The National Journal features a compelling analysis of American’s deepening sense that the major institutions that held our society together are broken. That includes the church. Under the subheading “From Guttenberg to Google”, writers Ron Fournier and Sophie Quinton compare a Sunday morning at a Methodist Church is Muncie, Indiana to Sunday morning at a nearby megachurch. They write:

Away from his pulpit, Mendenhall confesses that his own downtown church is struggling to regain its direction. The 176-year-old institution is emblematic of a trend in Muncie and America: Mainline churches are losing relevancy and worshippers because they have failed to adapt to the changing needs of their communities. From 1981 to 2011, High Street’s membership dropped 52 percent to 700. The average Sunday attendance declined 27 percent to 379.

That decline reflects the experience of older religious institutions around the country. Those who have left the Catholic Church, for instance, now outnumber those who have joined it 4-to-1, according to the Pew Forum on Religion and Public Life’s 2008 survey. The large Protestant denominations have lost more than a million members in the past decade or so. The most telling statistic may be the number of Americans who declare themselves “unaffiliated” with any church tradition; it has been rising since the 1960s, and it topped 16 percent in 2010, according to Gallup.

The goings-on at Union Chapel Ministries, just a few miles away, help explain why traditionalists are languishing. Sitting on a 40-acre plot, Union Chapel is part of a fast-growing multibillion-dollar religious industry in America that is adapting one of the world’s oldest institutions to fit modern times—by giving congregants a sense of connection many had ceased to feel elsewhere. These so-called mega-churches are led by charismatic pastors with the skill set of corporate marketers; they sell not just the word of God but also the utility of God’s teaching in an era of atomization and economic change. What would Jesus do about long-term unemployment, school bullying, and Facebook? These churches help worshippers figure it out.

Union Chapel’s pastor, Gregg Parris, speaks in phrases you’d expect from an M.B.A. (“I’m in the word business”) or a sociologist (“We’re going from a Gutenberg world to a Google world”). He keeps his sermons simple because “you can’t assume everybody knows the Lord’s Prayer,” and he strives to make the liturgy relevant to life’s challenges. His church offers counseling for depression, anxiety, eating disorders, marriage problems, alcoholism, and sexual abuse. Union Chapel heavily promotes its social clubs to buoy connection-starved people.
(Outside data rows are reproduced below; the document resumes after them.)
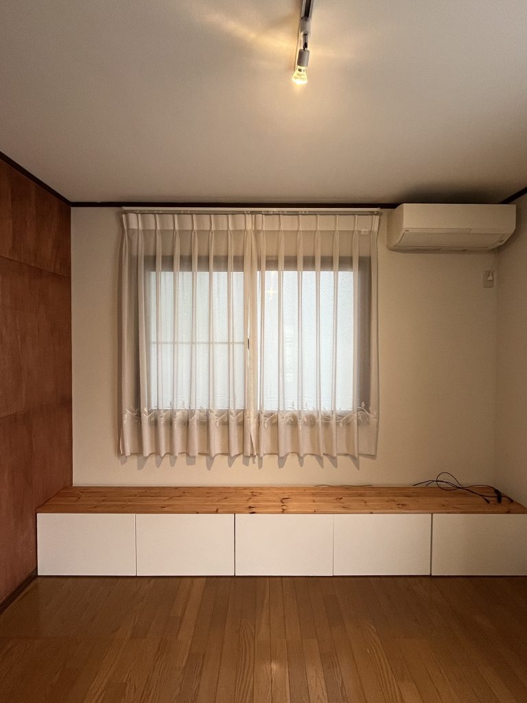 中途半端なサイズにするより、壁一面棚の方が備え付け感あるし、ベンチみたい見えてかわいいなって思い購入!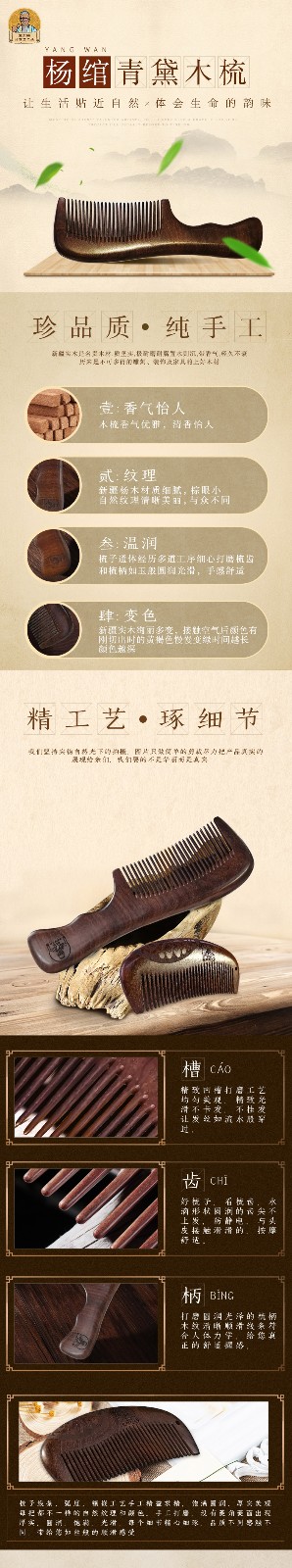 华喜好物 新疆库尔班手工坊杨绾青黛.木梳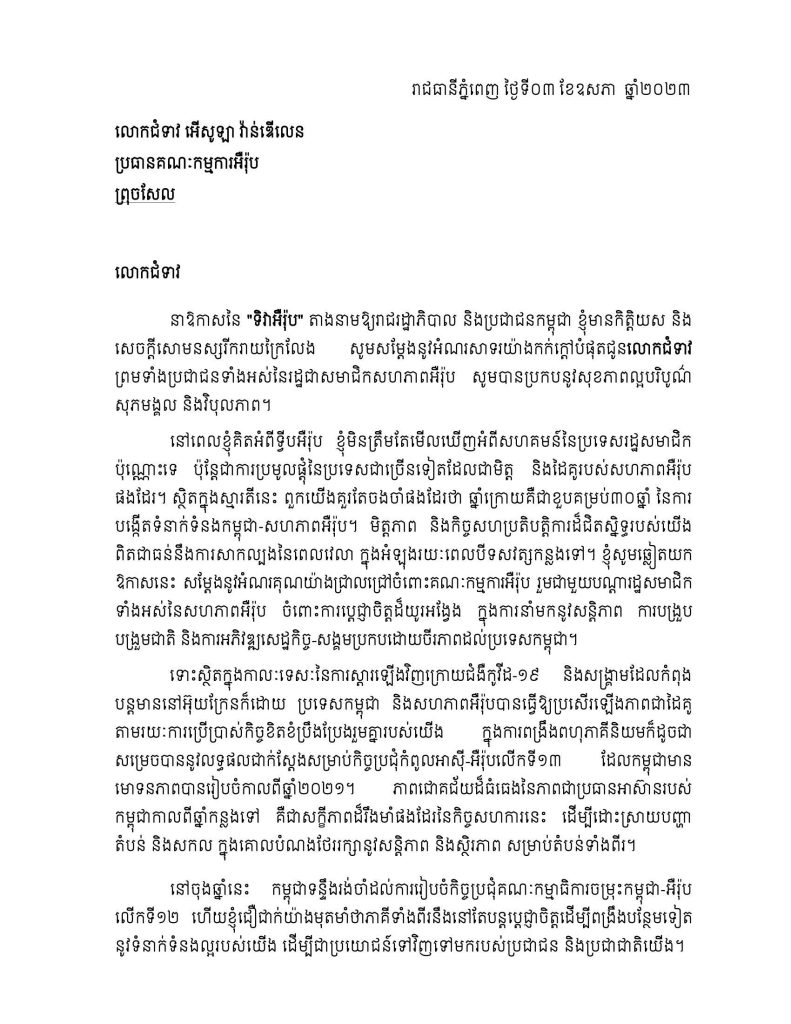 សម្តេចសូមឆ្លៀតយក ឱកាសនេះ សម្តែងនូវអំណរគុណយ៉ាងជ្រាលជ្រៅចំពោះគណៈកម្មការអឺរ៉ុប រួមជាមួយបណ្តារដ្ឋសមាជិក ទាំងអស់នៃសហភាពអឺរ៉ុប ចំពោះការប្តេជ្ញាចិត្តដ៏យូរអង្វែង ក្នុងការនាំមកនូវសន្តិភាព ការបង្រួបបង្រួមជាតិ និងការអភិវឌ្ឍសេដ្ឋកិច្ច-សង្គមប្រកបដោយចីរភាពដល់ប្រទេសកម្ពុជា។ ទោះស្ថិតក្នុងកាលៈទេសៈនៃការស្តារឡើងវិញក្រោយជំងឺកូវីដ-១៩ និងសង្រ្គាមដែលកំពុង បន្តមាននៅអ៊ុយក្រែនក៏ដោយ ប្រទេសកម្ពុជា និងសហភាពអឺរ៉ុបបានធ្វើឱ្យប្រសើរឡើងភាពជាដៃគូ តាមរយៈការប្រើប្រាស់កិច្ចខិតខំប្រឹងប្រែងរួមគ្នារបស់យើង ក្នុងការពង្រឹងពហុភាគីនិយមក៏ដូចជា សម្រេចបាននូវលទ្ធផលជាក់ស្តែងសម្រាប់កិច្ចប្រជុំកំពូលអាស៊ី-អឺរ៉ុបលើកទី១៣ ដែលកម្ពុជាមានមោទនភាពបានរៀបចំកាលពីឆ្នាំ២០២១។ ភាពជោគជ័យដ៏ធំធេងនៃភាពជាប្រធានអាស៊ានរបស់កម្ពុជាកាលពីឆ្នាំកន្លងទៅ គឺជាសក្ខីភាពដ៏រឹងមាំផងដែរនៃកិច្ចសហការនេះ ដើម្បីដោះស្រាយបញ្ហា តំបន់ និងសកល ក្នុងគោលបំណងថែររក្សានូវសន្តិភាព និងស្ថិរភាព សម្រាប់តំបន់ទាំងពីរ។

The services are casual, hip, and focused on middle-class Muncians who feel abandoned amid economic change. “My job,” Parris says in an interview at his office, “is to fill in the gaps where our institutions have failed us.”

Those of you who partake in the discussion about the decline of mainline Protestant churches, the rise of the megachurch, and related issues, may not find this section of the story especially fresh. But it is worth reflecting on the fact that the decline of church membership is taking place in the context of a decline in faith in institutions of all sort. The emerging church movement speaks to that in some ways. Yet, to some extent, liturgical churches are what they are, and can only adapt what they offer on Sunday mornings so far before surrendering their identities. Does anybody have any bright ideas about how we do that while still speaking to the raider loss of interests in institutions? Or does the answer lie, perhaps in augmenting, and (I offer this very gingerly) perhaps deemphasizing what we do on Sunday mornings in favor of spending time and energy on other sorts of gatherings?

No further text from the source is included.